As the number of IoT devices and the scale of cloud computing grow in popularity, many edge computing and distributed systems have emerged in recent years. In general edge computing architecture, computing power, bandwidth, and data at the edge are scarce resources. To improve system performance, a task scheduling strategy must be efficient. In this paper, we proposed a cache data locality scheduler for edge-computing cluster environments. The proposed strategy schedules tasks by taking a broad view and adjusts data for tasks dynamically according to data in cache memory. Especially in an edge computing cluster environment, where the number of resources is limited, our proposed approach tries its best to enhance task execution under limited resources and reduce the extra flow of data in the cluster network. When the computing cluster is overloaded, the proposed strategy takes the advantage of data in the cache and brings the task first which finds the needed data in the cache of the node. The simulation results show that the proposed strategy exhibits some improvements which can also work in a busy network and cluster.

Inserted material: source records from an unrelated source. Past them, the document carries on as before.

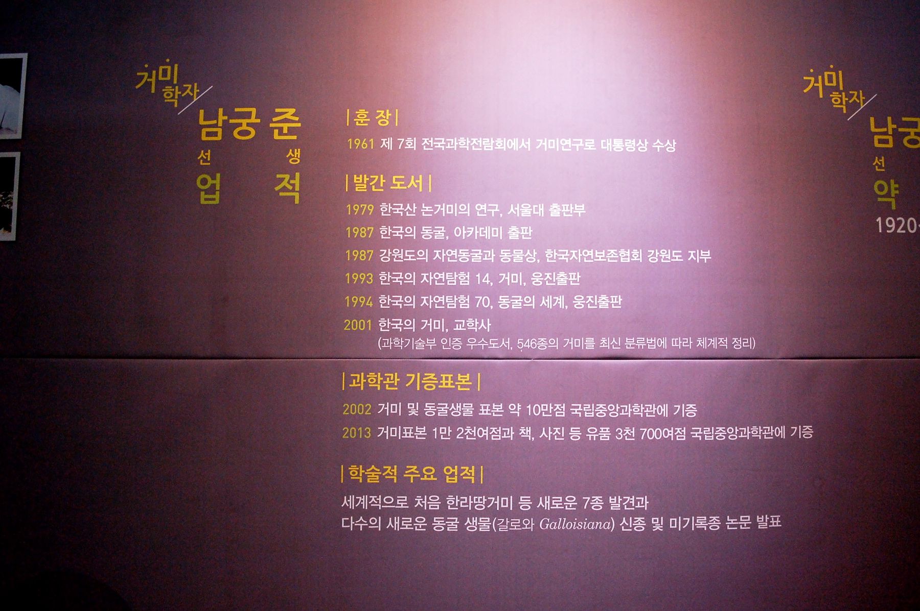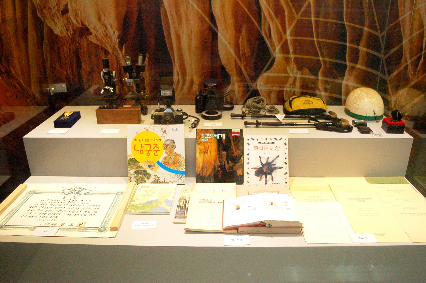 남궁준 선생님이 평생 수집한 여러 종류의 거미들이 전시되어 있습니다.
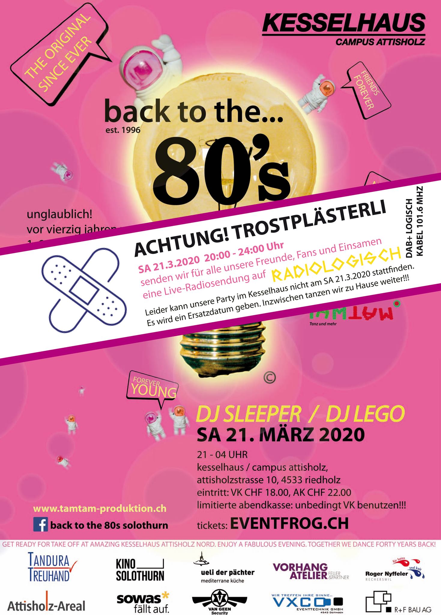 Als sich im November 2019 ein paar hundert tanzlustige Menschen an der „back to the 80‘s“ Party im Attisholz trafen um eine Nacht durchtanzen, wurde das Raum-Zeit-Kontinuum unterbrochen… Vierzig Jahre in einer Sekunde…
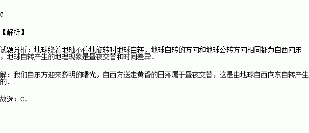 我们每天自东方迎来黎明的曙光,自西方送走黄昏的日落,这是由于( )
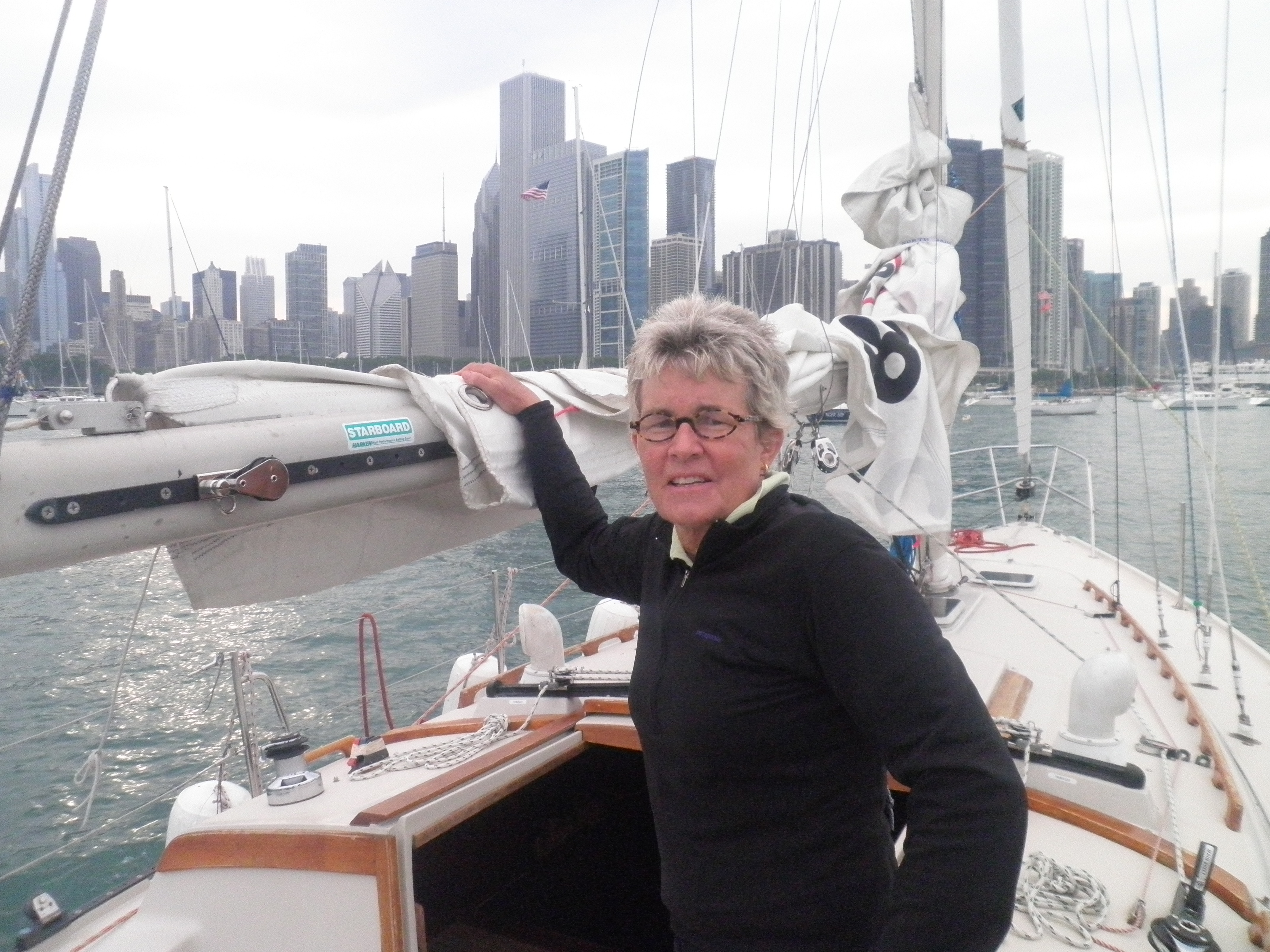 It was incredible. We were sailing downwind in a light breeze, so it was silent at first. All one could do was stare. Time passed, we continued toward the marina at Monroe and Lake Shore Drive. The air cleared a bit and the sounds of water lapping at hulls and unladen halyards woke us up. Sun burned and we soon saw more clearly the iconic rectilinearity, strangely yet bereft of the usual downtown din.
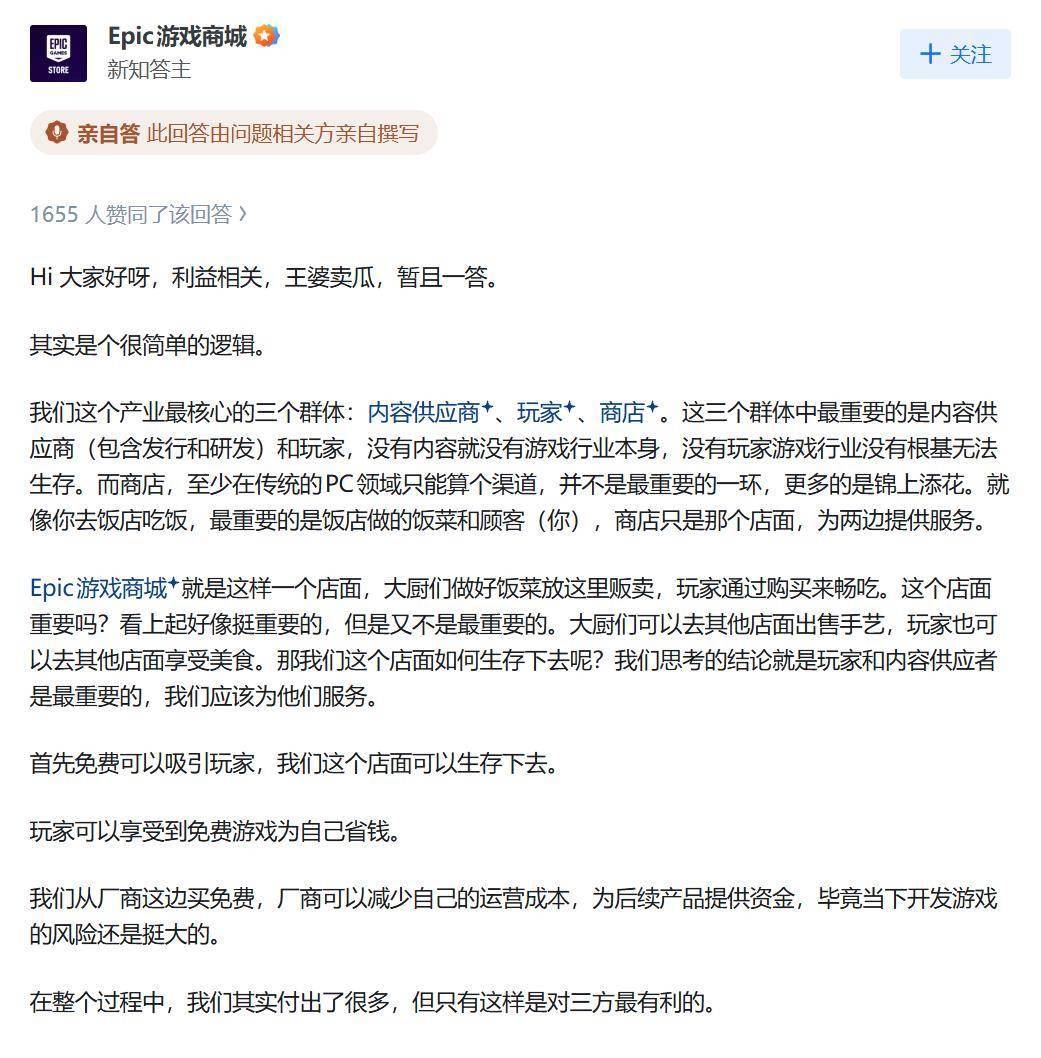 而在另一个“Epic疯狂送游戏是为了什么”的问题中,Epic也表示,他们的目标就是三方共赢。
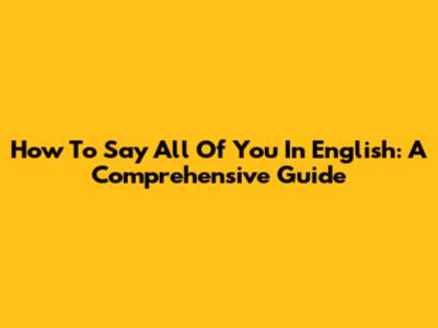How To Say "All Of You" In English: A Comprehensive Guide
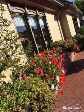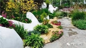 在建筑物旁的花境,主要起烘托建筑以及美化建筑基础的作用,软化建筑的硬线条。花境体量与团块体量都应较小。适宜应用以宿根花卉为主,搭配少量花灌木的混合花境。
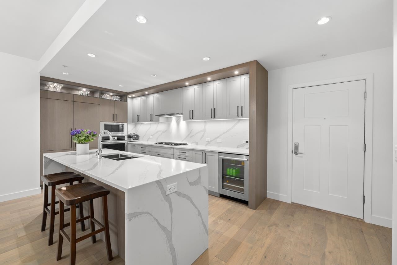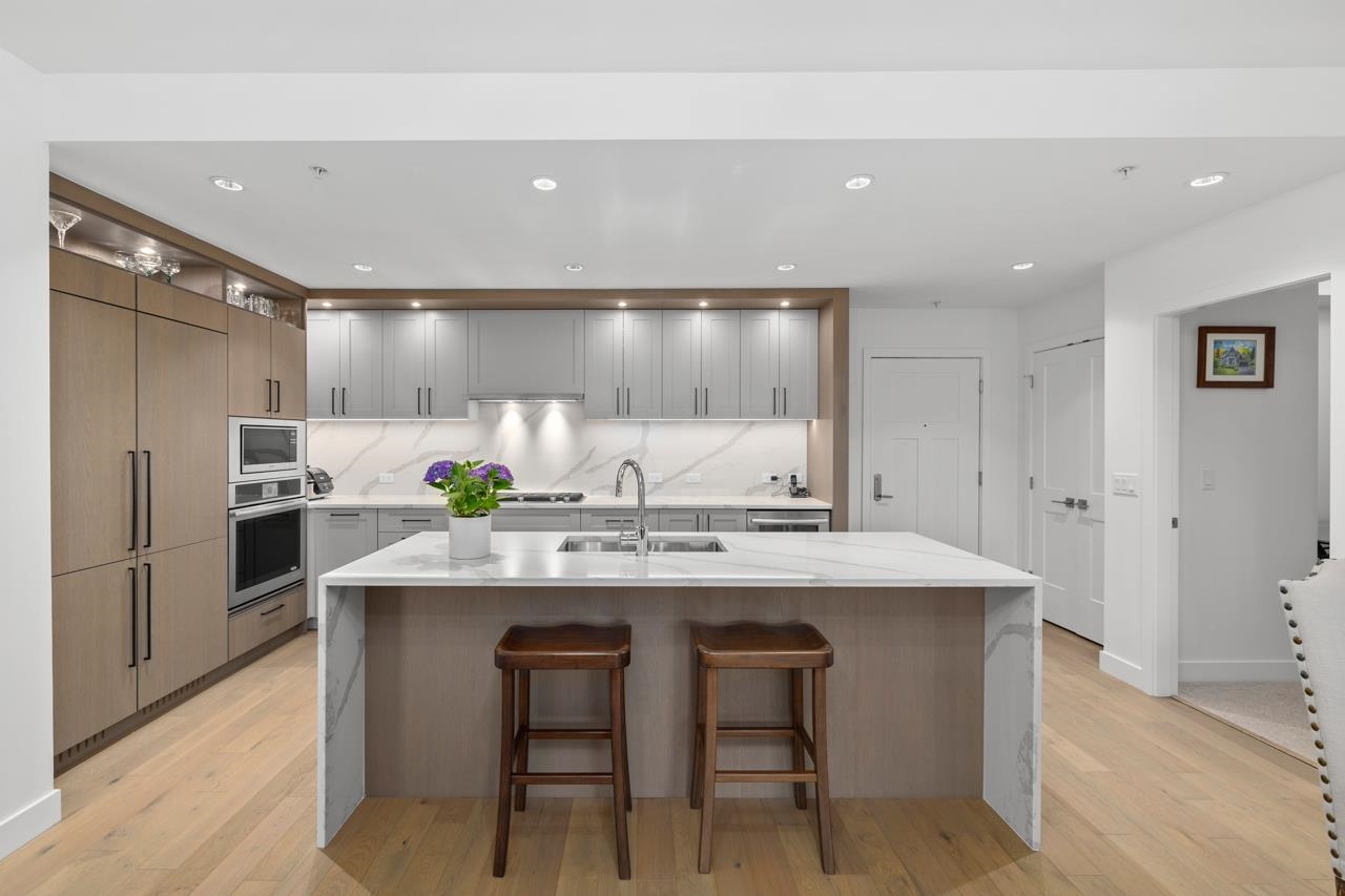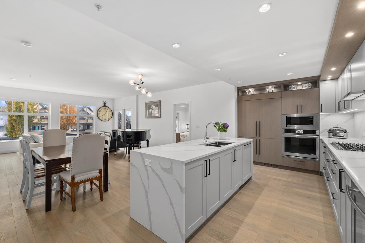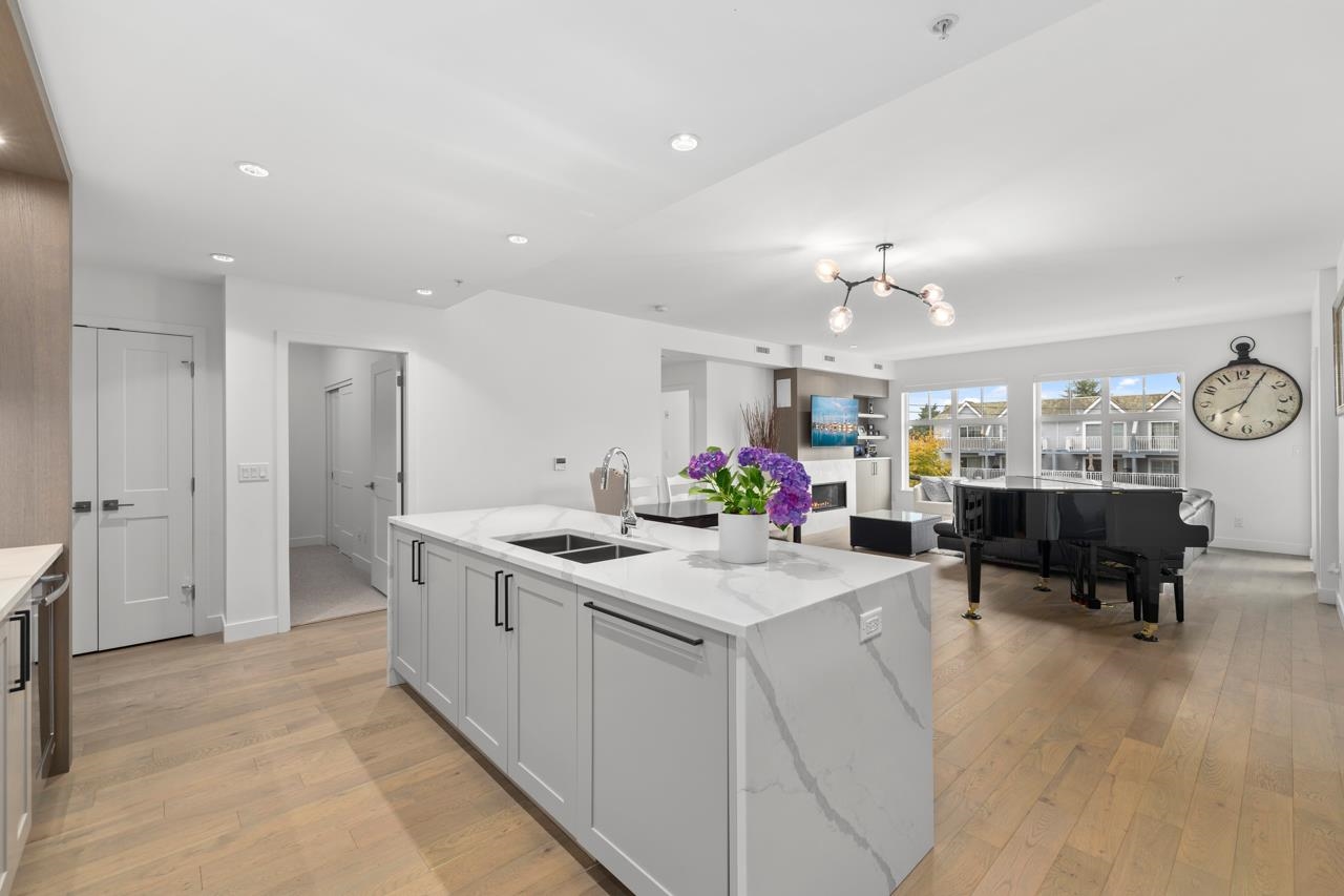 Immerse yourself in the elegance of coastal living with this luxurious 3-bedroom, 2-bath residence perfectly situated in the heart of Steveston Village. Designed for the discerning homeowner, this stunning home showcases a gourmet kitchen equipped with high-end Jenn-Air appliances, an impressive waterfall island with exquisite stone countertops, and abundant cabinetry. The expansive open-concept floorplan offers seamless flow between living and dining areas, enhanced by 9-foot ceilings, wide-plank hardwood ...
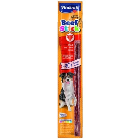 Ein Vitakraft Beef Stick® lässt einfach jedes Hunde-Herz höher schlagen! Das Original unter den Fleischsticks überzeugt große und kleine Vierbeiner gleichermaßen – durch den einzigartigen, herzhaften Geschmack, den absolut köstlichen Geruch und einen extra hohen Fleischanteil. Perfekt zum Verwöhnen, Belohnen oder einfach für den kleinen Hunger zwischendurch!
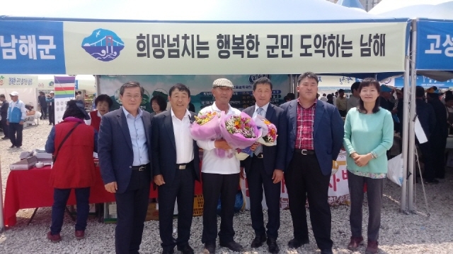 강윤성 남해군정보화농업인연합회장이 지난달 27일 진주혁신도시 한국세라믹기술원 공터에서 열린 제8회 경남정보화농업인 경진대회와 농산물 페스티벌 행사에서 경남도지사상을 수상했다.

As future work, we plan to improve the proposed task scheduling strategy based on available resources. We will consider the aspects that may affect the performance including data distributions and replication in a heterogeneous system. Edge computing and distributed technologies are growing up due to massive data volume generated by a large number of IoT devices. Accordingly, it is essential to keep update and development on scheduling strategies and efficient algorithms for tasks to manage resources in edge computing environments.

Data Availability

The data used to support the findings of this study are included within this article.

Conflicts of Interest

The authors declare no conflicts of interest.

Acknowledgments

This work was supported in part by the MSIT (Ministry of Science and ICT), Korea, under the ITRC (Information Technology Research Center) support program (IITP-2021-2018-0-01426) supervised by the IITP (Institute for Information and Communication Technology Planning & Evaluation) and in part by the National Research Foundation (NRF) funded by the Korea Government (MSIT) (no. 2019R1F1A1059125).